- Willow Creek mining district
- Coordinates: 61°47′N 149°15′W﻿ / ﻿61.783°N 149.250°W

= Willow Creek mining district =

The Willow Creek mining district, also known as the Independence Mine/Hatcher Pass district, is a gold-mining area in the U.S. state of Alaska. Underground hard-rock mining of gold from quartz veins accounts for most of the mineral wealth extracted from the Hatcher Pass area. The first mining efforts were placer mining of stream gravels, and placer mining in the area has continued sporadically to this day. Robert Hatcher discovered gold and staked the first claim in the Willow Creek valley in September 1906. The first lode mill in the area started operating in 1908. Underground mining continued at a variety of locations around the pass until 1951. In the 1980s one of the area's hard-rock mines was briefly re-opened. At least one mining company is actively exploring for gold in the area now.
Through 2006 the district produced 667-thousand ounces of hard rock gold and 60-thousand ounces of placer gold.
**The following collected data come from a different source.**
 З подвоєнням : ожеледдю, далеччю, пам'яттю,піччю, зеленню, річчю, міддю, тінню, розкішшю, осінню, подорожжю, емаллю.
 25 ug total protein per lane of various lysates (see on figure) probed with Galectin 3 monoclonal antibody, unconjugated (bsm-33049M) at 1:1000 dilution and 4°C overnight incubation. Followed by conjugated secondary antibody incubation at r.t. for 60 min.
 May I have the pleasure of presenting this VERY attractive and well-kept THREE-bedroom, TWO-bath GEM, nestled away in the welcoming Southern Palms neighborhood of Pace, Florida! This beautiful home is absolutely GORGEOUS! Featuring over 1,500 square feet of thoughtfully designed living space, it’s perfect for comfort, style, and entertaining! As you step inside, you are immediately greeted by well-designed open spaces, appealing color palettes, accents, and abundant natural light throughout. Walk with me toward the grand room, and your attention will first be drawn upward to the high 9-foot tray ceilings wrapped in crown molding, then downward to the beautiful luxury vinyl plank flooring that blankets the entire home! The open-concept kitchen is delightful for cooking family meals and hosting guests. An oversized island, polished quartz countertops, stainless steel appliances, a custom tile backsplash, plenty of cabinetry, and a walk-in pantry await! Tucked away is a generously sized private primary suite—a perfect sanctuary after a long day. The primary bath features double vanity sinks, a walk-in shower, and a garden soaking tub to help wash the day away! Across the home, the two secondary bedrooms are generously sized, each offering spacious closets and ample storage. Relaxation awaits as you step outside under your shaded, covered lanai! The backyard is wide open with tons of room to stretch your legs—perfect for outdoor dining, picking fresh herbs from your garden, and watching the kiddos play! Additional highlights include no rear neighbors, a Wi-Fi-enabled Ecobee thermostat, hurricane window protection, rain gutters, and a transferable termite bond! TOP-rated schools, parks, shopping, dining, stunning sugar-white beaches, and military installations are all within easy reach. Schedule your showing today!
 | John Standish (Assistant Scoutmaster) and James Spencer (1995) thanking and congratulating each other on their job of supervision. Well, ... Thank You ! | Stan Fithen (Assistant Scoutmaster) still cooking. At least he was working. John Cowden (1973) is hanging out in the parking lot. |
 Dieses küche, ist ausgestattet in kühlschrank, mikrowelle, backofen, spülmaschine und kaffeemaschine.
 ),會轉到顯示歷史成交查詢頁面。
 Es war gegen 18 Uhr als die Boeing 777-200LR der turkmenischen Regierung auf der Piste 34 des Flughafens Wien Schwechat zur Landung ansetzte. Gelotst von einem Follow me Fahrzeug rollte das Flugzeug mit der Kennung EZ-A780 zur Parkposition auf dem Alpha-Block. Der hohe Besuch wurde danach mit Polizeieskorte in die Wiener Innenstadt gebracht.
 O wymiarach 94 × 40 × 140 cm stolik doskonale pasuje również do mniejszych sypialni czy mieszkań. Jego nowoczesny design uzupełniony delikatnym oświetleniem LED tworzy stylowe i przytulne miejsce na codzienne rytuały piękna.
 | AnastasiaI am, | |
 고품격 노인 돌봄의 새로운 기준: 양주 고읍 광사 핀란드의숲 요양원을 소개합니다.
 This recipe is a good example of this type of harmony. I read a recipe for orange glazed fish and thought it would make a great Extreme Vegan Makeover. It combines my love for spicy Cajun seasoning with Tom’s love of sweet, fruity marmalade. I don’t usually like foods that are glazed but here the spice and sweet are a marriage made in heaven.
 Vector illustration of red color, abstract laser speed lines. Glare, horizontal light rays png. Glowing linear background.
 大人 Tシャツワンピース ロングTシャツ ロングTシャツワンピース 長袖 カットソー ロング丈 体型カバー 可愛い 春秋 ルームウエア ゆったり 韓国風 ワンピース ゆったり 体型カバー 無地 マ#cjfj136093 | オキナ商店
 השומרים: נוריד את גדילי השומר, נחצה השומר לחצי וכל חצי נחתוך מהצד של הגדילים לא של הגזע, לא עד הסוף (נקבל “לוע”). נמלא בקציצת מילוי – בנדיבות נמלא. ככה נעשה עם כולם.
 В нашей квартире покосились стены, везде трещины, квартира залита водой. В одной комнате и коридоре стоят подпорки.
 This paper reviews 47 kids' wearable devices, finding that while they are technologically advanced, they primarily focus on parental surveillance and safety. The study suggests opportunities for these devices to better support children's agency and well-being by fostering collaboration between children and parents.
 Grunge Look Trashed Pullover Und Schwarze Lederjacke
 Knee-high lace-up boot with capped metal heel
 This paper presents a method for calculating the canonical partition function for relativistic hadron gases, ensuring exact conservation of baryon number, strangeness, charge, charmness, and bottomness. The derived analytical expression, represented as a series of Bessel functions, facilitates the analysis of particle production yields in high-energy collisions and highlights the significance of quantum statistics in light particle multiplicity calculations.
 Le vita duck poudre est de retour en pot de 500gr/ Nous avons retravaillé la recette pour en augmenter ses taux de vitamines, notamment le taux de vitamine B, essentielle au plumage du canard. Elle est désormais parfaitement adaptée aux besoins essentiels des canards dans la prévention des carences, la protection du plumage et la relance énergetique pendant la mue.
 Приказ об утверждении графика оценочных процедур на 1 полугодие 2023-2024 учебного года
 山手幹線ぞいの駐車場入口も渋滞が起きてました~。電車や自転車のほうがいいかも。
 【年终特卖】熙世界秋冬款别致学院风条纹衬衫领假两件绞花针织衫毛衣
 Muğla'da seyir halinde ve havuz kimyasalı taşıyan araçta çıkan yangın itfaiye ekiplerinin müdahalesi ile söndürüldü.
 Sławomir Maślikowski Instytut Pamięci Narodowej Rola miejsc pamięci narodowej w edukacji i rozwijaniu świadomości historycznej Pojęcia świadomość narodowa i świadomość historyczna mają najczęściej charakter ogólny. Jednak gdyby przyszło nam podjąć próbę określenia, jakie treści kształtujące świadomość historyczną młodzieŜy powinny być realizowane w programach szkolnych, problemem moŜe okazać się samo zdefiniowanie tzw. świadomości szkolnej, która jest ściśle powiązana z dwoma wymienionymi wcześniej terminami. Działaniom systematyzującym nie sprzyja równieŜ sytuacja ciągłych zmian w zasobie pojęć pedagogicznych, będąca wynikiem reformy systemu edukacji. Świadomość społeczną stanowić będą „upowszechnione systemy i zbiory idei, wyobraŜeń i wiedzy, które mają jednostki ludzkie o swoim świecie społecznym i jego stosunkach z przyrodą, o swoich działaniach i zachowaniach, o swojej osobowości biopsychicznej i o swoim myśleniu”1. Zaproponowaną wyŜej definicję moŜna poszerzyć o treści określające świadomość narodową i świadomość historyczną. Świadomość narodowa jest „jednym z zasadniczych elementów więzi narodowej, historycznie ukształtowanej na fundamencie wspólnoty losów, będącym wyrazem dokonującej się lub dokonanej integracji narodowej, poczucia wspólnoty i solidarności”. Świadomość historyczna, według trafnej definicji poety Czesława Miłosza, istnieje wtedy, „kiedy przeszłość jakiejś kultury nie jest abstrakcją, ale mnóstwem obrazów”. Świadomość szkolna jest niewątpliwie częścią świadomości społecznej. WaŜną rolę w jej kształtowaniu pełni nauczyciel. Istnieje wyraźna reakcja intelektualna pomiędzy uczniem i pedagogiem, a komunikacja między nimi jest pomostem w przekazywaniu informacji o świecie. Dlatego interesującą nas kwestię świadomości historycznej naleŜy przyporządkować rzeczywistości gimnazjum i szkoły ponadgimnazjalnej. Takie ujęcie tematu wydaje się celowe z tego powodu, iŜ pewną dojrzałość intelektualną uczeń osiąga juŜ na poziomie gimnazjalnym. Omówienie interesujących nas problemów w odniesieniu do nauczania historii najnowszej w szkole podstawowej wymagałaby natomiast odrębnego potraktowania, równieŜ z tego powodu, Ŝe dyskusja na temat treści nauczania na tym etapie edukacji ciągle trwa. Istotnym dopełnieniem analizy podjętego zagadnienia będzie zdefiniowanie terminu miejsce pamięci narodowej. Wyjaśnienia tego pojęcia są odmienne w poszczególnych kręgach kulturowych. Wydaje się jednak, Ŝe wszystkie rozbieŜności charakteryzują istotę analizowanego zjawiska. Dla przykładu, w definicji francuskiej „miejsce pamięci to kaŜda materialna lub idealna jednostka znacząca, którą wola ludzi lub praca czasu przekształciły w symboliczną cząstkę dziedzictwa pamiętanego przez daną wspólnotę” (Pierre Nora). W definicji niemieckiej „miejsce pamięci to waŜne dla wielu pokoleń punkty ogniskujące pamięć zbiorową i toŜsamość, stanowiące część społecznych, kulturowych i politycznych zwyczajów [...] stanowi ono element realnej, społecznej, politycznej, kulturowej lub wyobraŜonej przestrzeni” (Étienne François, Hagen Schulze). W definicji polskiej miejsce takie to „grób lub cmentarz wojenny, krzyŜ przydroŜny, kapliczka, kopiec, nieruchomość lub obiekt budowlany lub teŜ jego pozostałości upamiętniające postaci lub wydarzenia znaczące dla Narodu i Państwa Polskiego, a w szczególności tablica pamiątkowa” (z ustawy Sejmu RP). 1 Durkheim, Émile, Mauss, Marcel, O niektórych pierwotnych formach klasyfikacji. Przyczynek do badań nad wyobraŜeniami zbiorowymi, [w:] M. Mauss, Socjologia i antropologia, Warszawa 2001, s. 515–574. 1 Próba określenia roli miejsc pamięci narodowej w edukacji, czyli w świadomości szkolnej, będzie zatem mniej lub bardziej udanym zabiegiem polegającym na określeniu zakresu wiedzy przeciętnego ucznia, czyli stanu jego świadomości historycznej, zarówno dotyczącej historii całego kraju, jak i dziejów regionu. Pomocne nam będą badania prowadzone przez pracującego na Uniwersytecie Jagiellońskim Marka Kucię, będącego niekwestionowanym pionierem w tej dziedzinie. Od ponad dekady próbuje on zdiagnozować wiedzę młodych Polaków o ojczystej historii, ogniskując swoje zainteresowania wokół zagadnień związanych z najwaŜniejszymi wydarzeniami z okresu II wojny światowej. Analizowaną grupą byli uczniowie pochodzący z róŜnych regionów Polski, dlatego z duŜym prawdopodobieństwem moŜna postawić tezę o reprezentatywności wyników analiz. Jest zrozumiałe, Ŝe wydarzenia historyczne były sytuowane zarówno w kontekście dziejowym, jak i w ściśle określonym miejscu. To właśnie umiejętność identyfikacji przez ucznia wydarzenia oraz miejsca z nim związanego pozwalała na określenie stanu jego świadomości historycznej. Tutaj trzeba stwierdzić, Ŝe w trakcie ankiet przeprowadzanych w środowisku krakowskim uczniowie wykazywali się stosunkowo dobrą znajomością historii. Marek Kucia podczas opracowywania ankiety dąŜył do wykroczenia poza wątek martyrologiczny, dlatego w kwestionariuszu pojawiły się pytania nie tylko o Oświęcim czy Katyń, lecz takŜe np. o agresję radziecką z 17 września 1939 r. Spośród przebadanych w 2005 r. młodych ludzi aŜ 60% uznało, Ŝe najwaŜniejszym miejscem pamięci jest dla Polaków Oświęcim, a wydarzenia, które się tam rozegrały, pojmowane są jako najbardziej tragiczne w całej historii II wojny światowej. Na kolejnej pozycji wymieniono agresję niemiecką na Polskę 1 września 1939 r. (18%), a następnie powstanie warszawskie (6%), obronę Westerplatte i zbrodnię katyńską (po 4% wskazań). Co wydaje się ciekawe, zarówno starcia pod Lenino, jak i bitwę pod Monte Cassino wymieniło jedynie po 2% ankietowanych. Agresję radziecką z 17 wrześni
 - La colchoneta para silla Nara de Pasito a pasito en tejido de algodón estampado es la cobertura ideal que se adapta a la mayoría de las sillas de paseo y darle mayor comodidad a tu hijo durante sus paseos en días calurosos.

The Willow Creek district at Hatcher Pass is historically the third-largest lode-gold producing district in Alaska, having produced 624,000 oz of gold.
At Hatcher Pass proper the southwestern margin of the Cretaceous to Tertiary age Talkeetna Mountains batholith is in fault contact with a pelitic schist. The Talkeetna Mountains batholith in this area consists of a pervasively altered zoned 74 Ma (million years old) tonalite body underlying Hatcher Pass and the headwaters of Willow Creek, and a 67 Ma quartz monzonite pluton farther west. The schist to the south consists mainly of metamorphosed and deformed sedimentary rocks, of Late Cretaceous to Paleocene age. The schist may represent subducted Valdez Group that was exhumed in the forearc region from beneath the Peninsular terrane. Both deformed and undeformed small felsic dikes occur in the schist. Several bodies of serpentinite are contained within the schist. Unmetamorphosed Late Cretaceous or Tertiary terrestrial sedimentary rocks of the Arkose Ridge Formations lie to the south of the schist and intrusives, across a low-angle detachment fault. Those bedded rocks are derived from the schists and intrusive rocks to the north. A rock unit variously mapped as intricately intermixed amphibolite and quartz diorite; or as a migmatite, occurs in contact with the Arkose Ridge formation on Government Peak and in contact with the Arkose Ridge Formation and quartz monzonite east of the Little Susitna River. It is not clear if the migmatite is a higher-metamorphic-grade equivalent of the schist.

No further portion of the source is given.